Ask HN: Has anyone been able to truly practice David Allen's GTD? - felipemesquita
I&#x27;m looking for people who were able to acheive results like Allen describes in his book. Also looking to get a sense of how many here are interested or using the methodology of Getting Things Done. http:&#x2F;&#x2F;gettingthingsdone.com
======
cauterized
I've been using it for about 10 years in a somewhat modified and ever-evolving
version. I spend about 15 min per day staying organized, plus maybe an extra
30 min once a week.

Results? I've been told by co-workers at multiple workplaces that they're
impressed with my organization and follow-through. I've seldom had a boss
suggest that I'm focusing on the wrong priorities at a given moment. Mind like
water? Maybe an exaggeration; but I'm able to handle about 10 times as many
simultaneous responsibilities now than I was a decade ago, with less stress.

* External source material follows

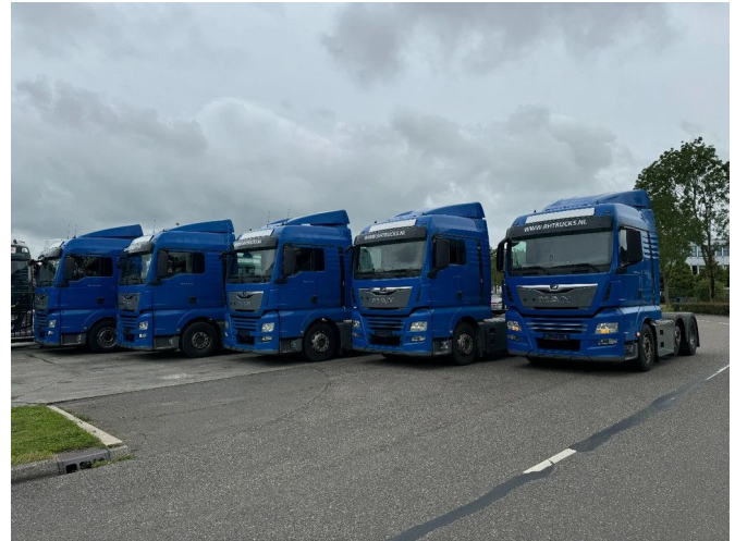
MAN TGX 26.460 XLX 6X2-2 EURO 6 LIFT AXLE

Though flexible, GTD is an extremely extensive system that can require a
pretty significant amount of overhead, and doesn't fit everyone's style or
type of work perfectly. Personally I find it less helpful outside work, for
instance. But it offers a lot of principles and techniques that you can adapt
into a personalized system that works for you.

------
felipemesquita
I had limited success with it so far. Could keep my system working for a few
weeks at a time before urgent tasks getting in the way of the process and
organize steps and making the whole system untrustworthy, so even adding
things to my inbox felt pointless.